Soundtrack album by Shashwat Sachdev
- Released: 19 February 2024
- Recorded: 2023–2024
- Genre: Feature film soundtrack
- Length: 25:44
- Language: Hindi
- Label: Saregama
- Producer: Shashwat Sachdev

Shashwat Sachdev chronology
| Tejas (2023) | Article 370 (2024) | Kill (2024) |

= Article 370 (soundtrack) =

2024 soundtrack album by Shashwat Sachdev

Article 370 is the soundtrack album to the 2024 Hindi-language political action thriller film of the same name directed by Aditya Suhas Jambhale and produced by Jio Studios and B62 Studios starring Yami Gautam Dhar and Priyamani. The soundtrack featured music composed by Shashwat Sachdev with lyrics written by Osho Jain, Sudhanshu Saria, Kumaar and Sachdev himself. The album was released through Saregama on 19 February 2024, four days ahead of the film's release. Sachdev won the National Film Award for Best Music Direction for his work in the film.

== Background ==
The film's music was composed by Shashwat Sachdev, who shared a close working relationship with one of the film's producers and writers Aditya Dhar on Uri: The Surgical Strike (2019). Sachdev considered that dealing with a subject based on real incidents would prompt composers to go with a conventional approach, but Dhar provided him creative freedom and also insisted to approach the score in an emotional way rather than going intellectual.

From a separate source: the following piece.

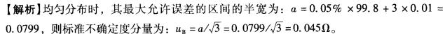 问题 在某电子设备的生产中,需要使用100(1的低值电阻器,设计要求其最大允许误差应在 ±0.1%以内。测量方法是用一台数字多用表对被测电阻器的电阻进行直接测量。已知该数 字多用表经检定合格,且其技术指标如下: 最大允许误差为:± (0. 05% ×读数+3 ×最低位数值); 测量所用档的满量程值为199. 9Ω,最低位数值为0. 01Ω; 当环境温度在(20 ±5)1时,温度的影响可忽略。 在22℃,实测10次,得到的样本均值及=99.8Ω,s(R))=0.25Ω。 标准不确定的B类分量为( )Ω,假设测量值在其最大允许误差的区间内服从均匀分布。 A. 0.045 B. 0.06 C. 0.078 D. 0. 46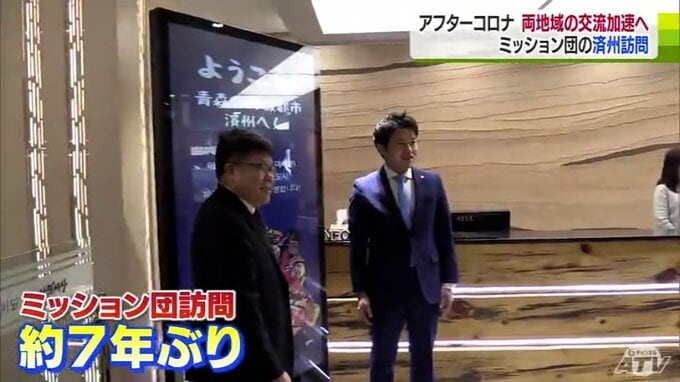 ATVの注目記事まとめ! 「多くの観光客に来てもらいたいし交流を深めていきたい」約7年ぶりの訪問 韓国・済州島に青森県・宮下宗一郎知事など『ミッション団』 交流再開の足掛かりに… 実質2日間の日程で実施した12の交流事業 2024年1月19日(金) 17:33 国内 1月20日に大韓航空の青森―ソウル線の定期便が再開するのを前に、青森県が姉妹都市協定を結ぶ韓国・済州島に宮下宗一郎知事を始めとするミッション団が訪問しました。 約7年ぶりの訪問でコロナ禍で停滞していた両地域の交流が加速します。

Hence, the score was designed by blending traditional Kashmiri folk elements with heavy electronic synths. The music was created in a "pure, almost uncompromising space" and was not pressured to follow the trends. While the score was heavily influenced by Western classical movements, especially from Frédéric Chopin, some of the songs remained deeply rooted in Indian classical music.

== Release ==
The album was preceded by the first single "Dua" that was featured in the teaser, and was released on 5 February 2024. The soundtrack was released on 19 February 2024, four days ahead of the film's release, through Saregama record label.

== Reception ==
Outlook-based critic summarized that "Shashwat Sachdev has composed one song that captures the minds of the young as a pop patriotic number". Bollywood Hungama based critic wrote "Shashwat Sachdev's music doesn't register. Ideally, Article 370 should have been a song-less film. But Shashwat Sachdev's background score is kickass and very different from the usual BGMs." Prabhatha Rigobhertha of The South First wrote "The background score by Shashwat Sachdev also helps significantly make the second half more effective."

== Track listing ==

Track listing
| No. | Title | Lyrics | Singer(s) | Length |
|---|---|---|---|---|
| 1. | "Ishq Tera" | Osho Jain | Sanjith Hegde, Shashwat Sachdev | 3:45 |
| 2. | "Main Hoon" | Sudhanshu Saria | Sanjith Hegde, Shashwat Sachdev | 3:21 |
| 3. | "Aandhi" | Kumaar | Clinton Cerejo, Shehzad Ali, Shashwat Sachdev | 3:34 |
| 4. | "Dua" | Kumaar | Jubin Nautiyal, Priyanshi Naidu, Shashwat Sachdev | 4:38 |
| 5. | "Main Tujhe Phir Miloongi" | Kumaar | Vibha Saraf, Shashwat Sachdev | 5:32 |
| 6. | "Najariya LoFi Cake Mix" | Shashwat Sachdev | Madhubanti Bagchi, Shashwat Sachdev | 2:36 |
| 7. | "Masters Of The World" | — | — | 1:58 |
| Total length: |  |  |  | 25:44 |

== Background score ==

The original score composed by Sachdev was released on 15 April 2024 through Jio Studios featuring 19 tracks.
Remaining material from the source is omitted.